### DATA EXTRACTS
━━━━━━━━━━━━━━━━━━━━━━━━━━━━━━
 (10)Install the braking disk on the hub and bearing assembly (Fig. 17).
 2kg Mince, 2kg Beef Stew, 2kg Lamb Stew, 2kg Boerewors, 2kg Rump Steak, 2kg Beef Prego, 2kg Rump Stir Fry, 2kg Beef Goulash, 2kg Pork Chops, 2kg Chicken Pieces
━━━━━━━━━━━━━━━━━━━━━━━━━━━━━━
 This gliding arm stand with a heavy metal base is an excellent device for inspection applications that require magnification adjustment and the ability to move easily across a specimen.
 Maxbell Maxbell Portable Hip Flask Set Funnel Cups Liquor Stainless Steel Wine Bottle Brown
━━━━━━━━━━━━━━━━━━━━━━━━━━━━━━
### WORK INSTRUCTION
The response must hold only the lines above from the line with "(10)Install the braking" through the line with "2kg Mince, 2kg", each copied exactly, both ends kept.

### OUTPUT BELOW
 (10)Install the braking disk on the hub and bearing assembly (Fig. 17).
 2kg Mince, 2kg Beef Stew, 2kg Lamb Stew, 2kg Boerewors, 2kg Rump Steak, 2kg Beef Prego, 2kg Rump Stir Fry, 2kg Beef Goulash, 2kg Pork Chops, 2kg Chicken Pieces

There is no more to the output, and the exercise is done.